A.D. : On a les défauts de nos qualités. Il fait les performances qu'il fait parce qu'il est émotif et qu'il va aller au bout de lui-même. Il a des victoires qui font rêver tout le monde parce qu'il gagne avec classe et panache. Et quand il perd, c'est avec classe et panache aussi. C'est vivant, on ressent sa peine. C'est pour ça qu'il est populaire en France, il est vrai et pas dans le calcul. Tout le monde y croit parce qu'il a l'air humain. Il n'est pas toujours bon et les Français aiment ça. S'il avait gagné toute sa carrière, les Français le détesteraient aujourd'hui, peu importe la popularité qu'il a. Les Français adorent les deuxièmes mais il faut gagner de temps en temps pour qu'ils t'aiment.
Pensez-vous, comme d'autres, que Pinot se reconnaît moins dans le cyclisme moderne ?

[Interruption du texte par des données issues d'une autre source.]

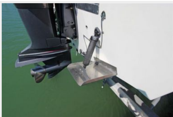
Hydraulic Trim Tabs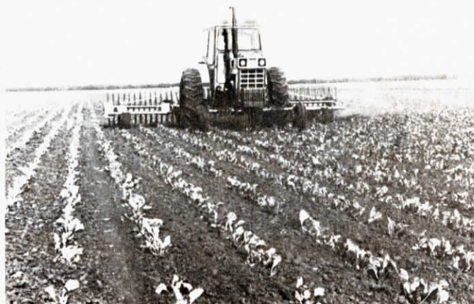
Largest model (260 in.) covers 12 22-in. sugar beet rows per swath. It weeds and mulches crops, from early emergence to a foot or more tall, without damaging the crop, says manufacturer.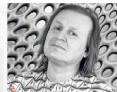
Mac Stopa for A.S. Création

product Balance standout At once irregular and symmetrical, repetitive geometries of varying scale are digitally printed on Mylar wall coverings reminiscent of Dutch modernism. wolfgordon.com. circle 353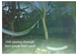
Oh zipping through Jim's jungle back yard!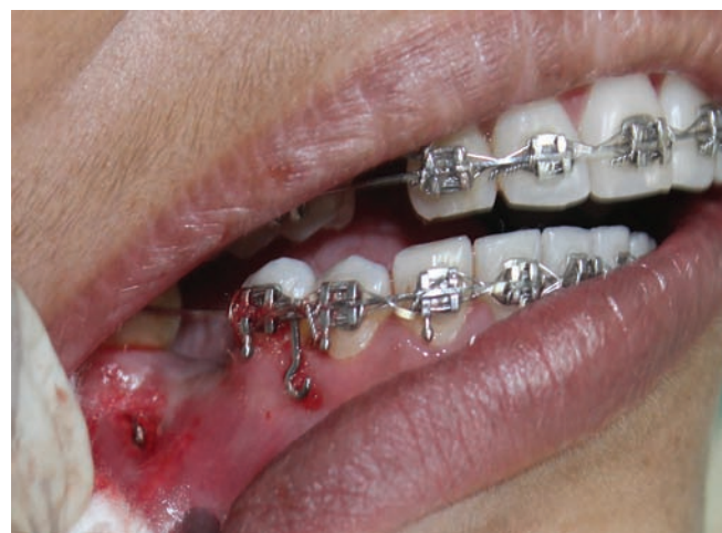
Fig. 1: Fractured TAD in 46 region

A 26-year-old female patient reported to our orthodontic clinic with chief complaint of protruded front teeth. On examination, we found missing 36, 45, 46 and planned for extraction of two upper first premolar tooth and closure of all the spaces left out of the lower molar spaces for prosthodontic rehabilitation. For anchorage, the plan was to have four miniscrews (two in upper between second premolar and first molar, two in lower in edentulous area). After alignment and leveling, miniscrews in upper region were placed and same in edentulous 36 area. The inadvertent accident occurred during placing the TAD in 46 region (Fig. 1). When trying to insert the implant 1.5 × 9 mm, it fractured after insertion of 5 mm.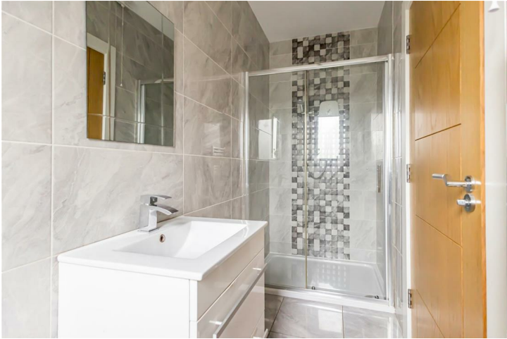
White sanitaryware, Floor to ceiling tiling. White high gloss sink unit with drawer storage and chrome mixer tap. Wall mounted mirror. Electric shower enclosure with grey feature tile.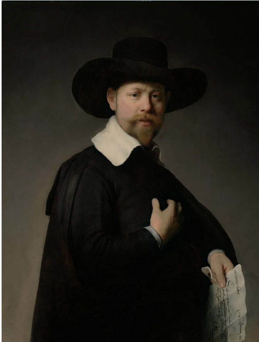
Rembrandt van Rijn, Portrait of Marten Looten, 1632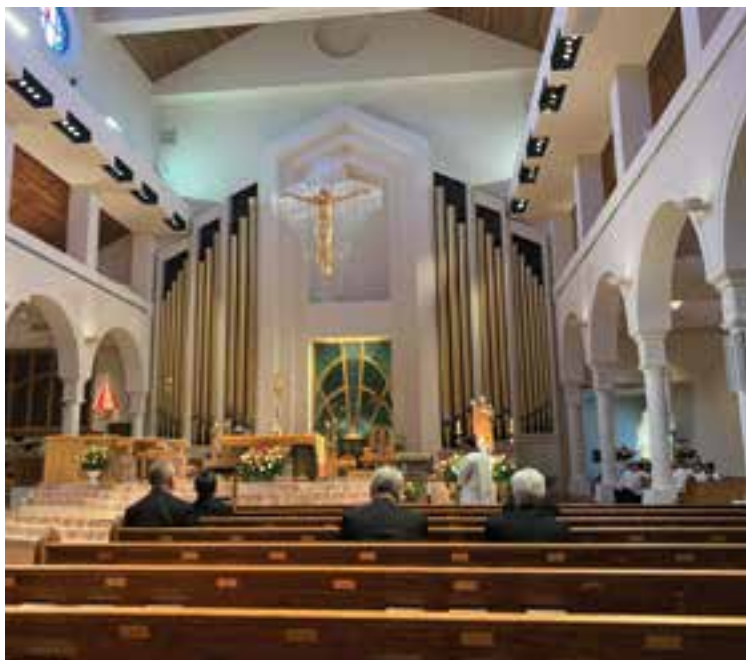
(left) BISHOP SHARES PHOTOS FROM HIS TIME IN ORLANDO ATTENDING BISHOPS MEETING. "Inside the Basilica of the National Shrine of Mary, Queen of the Universe, anticipating Exhibition and Adoration of the Blessed Sacrament prior to the Mass of Consecration of the United States of America to the Most Sacred Heart of Jesus."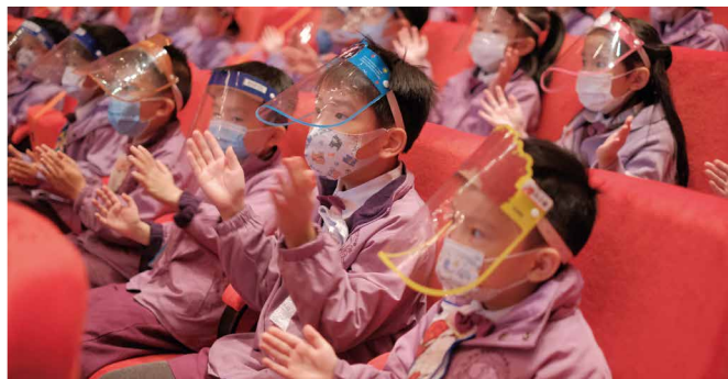
「賽馬會音樂密碼教育計劃」學校專場音樂會 Jockey Club Keys to Music Education Programme: School Concerts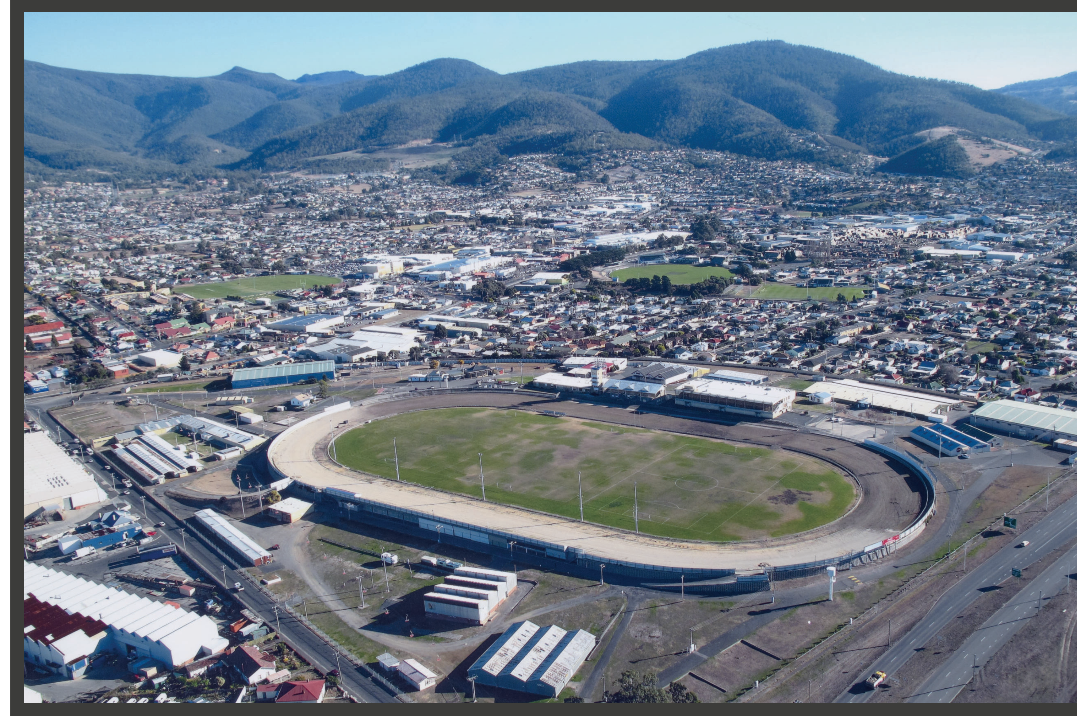
CIRCA 2000S AERIAL SHOT

The new (Main) Grandstand was built to facilitate the Inter-Dominion Pacing Championships.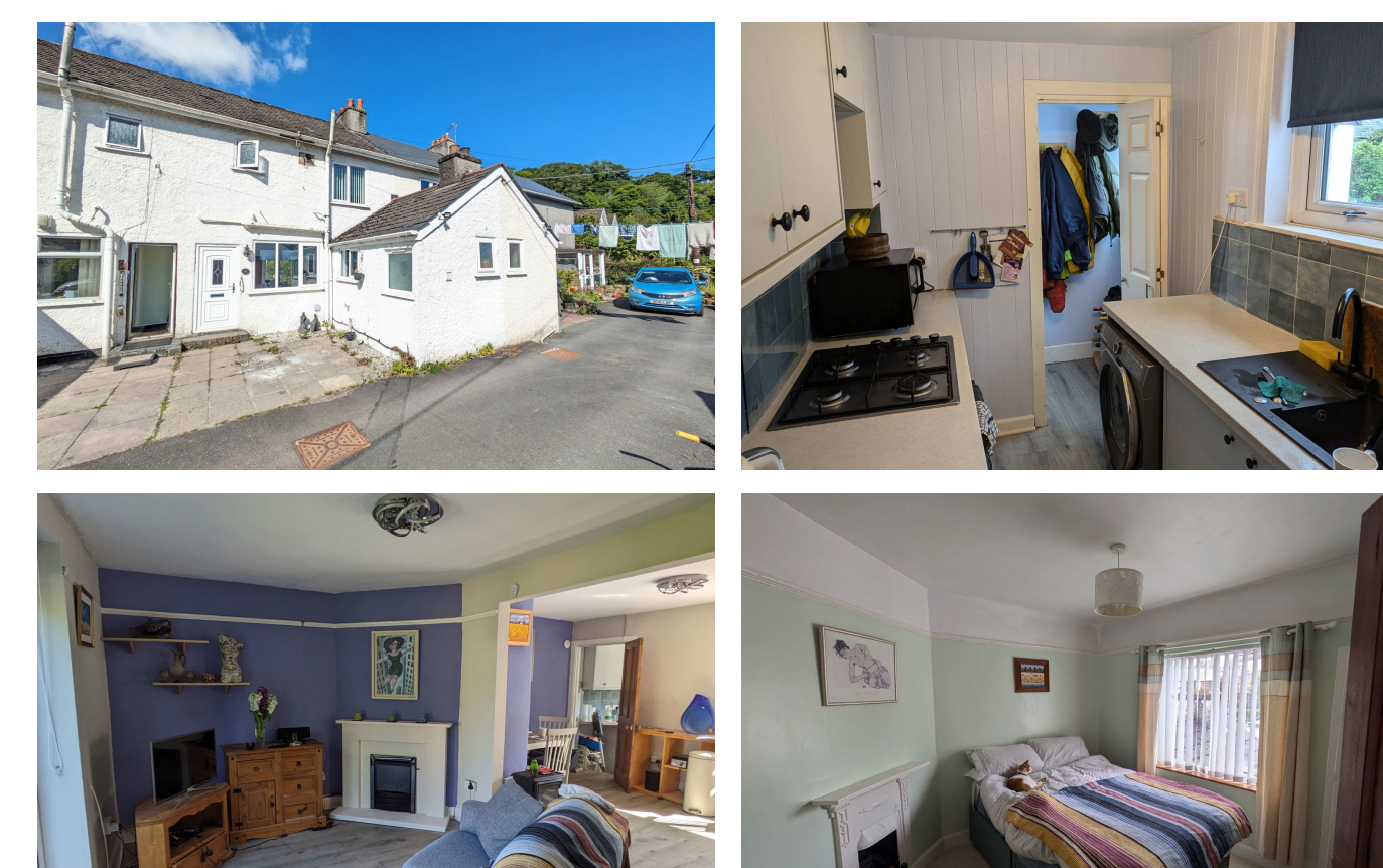
🛤 2 🚰 1 🚍 1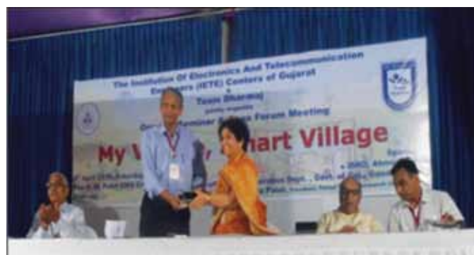
3 rd Apex Forum (2015-16) on the theme “My Village- Smart Village” in progress.

IETE Centres of Gujarat (Vadodara, Ahmedabad and Rajkot), Surat Sub-Centre and PAC at Sarigam together organized a one-day seminar & the 3 rd Apex Forum (2015-16) on the theme “ My Village- Smart Village ” at village Dharmaj, Dist. Anand, Gujarat on 2 nd April 2016, which also coincided with the silver jubilee year of IETE Vadodara Centre. This is for the first time that an IETE Apex Forum has been organized at a village and witnessed an overwhelming participation of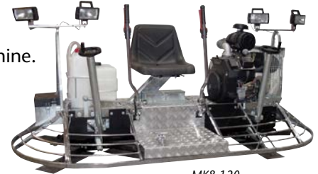
MK8-120 Manual Steering

A manual steer, 31 hp, 8 foot machine. Our most popular North American model. High-speed rotors, low center of gravity, superior lines of sight, protected drive train and easy to service. Another workhorse in floating or finishing applications.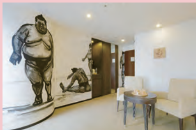
Dec. 2012 No. 1 Artist Room Sumo HIROYUKI KIMURA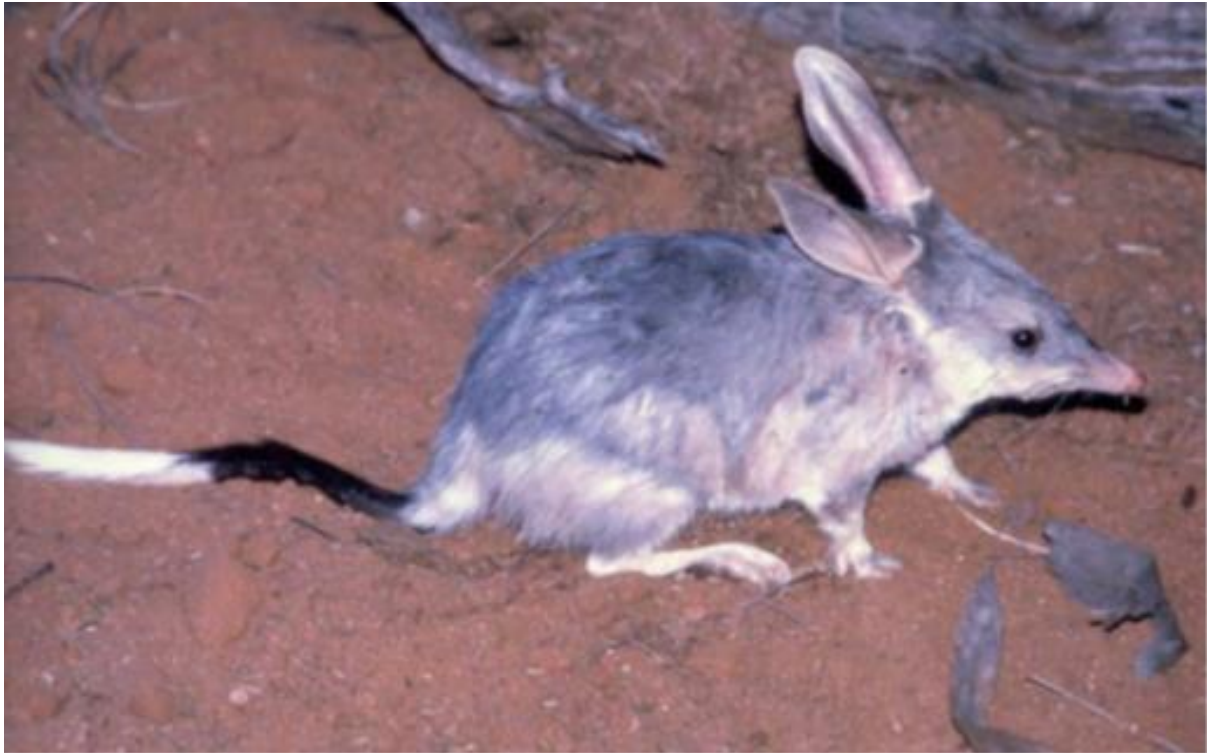
Greater Bilby.

The greater bilby ( Macrotis lagotis ) is a small (rabbit sized) marsupial from Australia's bandicoot family. It has a pointed snout, long pinkish ears, a long black tail with a white tip, and strong forelimbs and claws for burrowing and digging up food. Males are much larger than the females and can be up to 2.5 kg in weight. Each bilby moves between up to 12 burrows in their home range in response to food availability.

A.D. : Aujourd'hui tout est calculé. On sait tellement ce qu'il faut faire, ça a tellement été documenté. Le feeling entre moins en ligne de compte. Lui c'est un gars qui aime s'entraîner en montant vite une bosse parce qu'elle est là. Ce n'est pas, objectivement, toujours la meilleure manière façon de faire mais c'est comme ça qu'il fonctionne. Si tu es capable d'adhérer à toutes les nouveautés technologiques, tu es capable d'être performant. Lui n'y a pas adhéré. D'ailleurs si ça avait été le cas, il aurait déjà arrêté. Le fait de ne pas se mettre dedans lui a permis de continuer. Il faisait à sa façon. S'il faut tout suivre, vous n'avez plus vraiment de place pour autre chose dans votre vie. Il est vraiment heureux d'arrêter.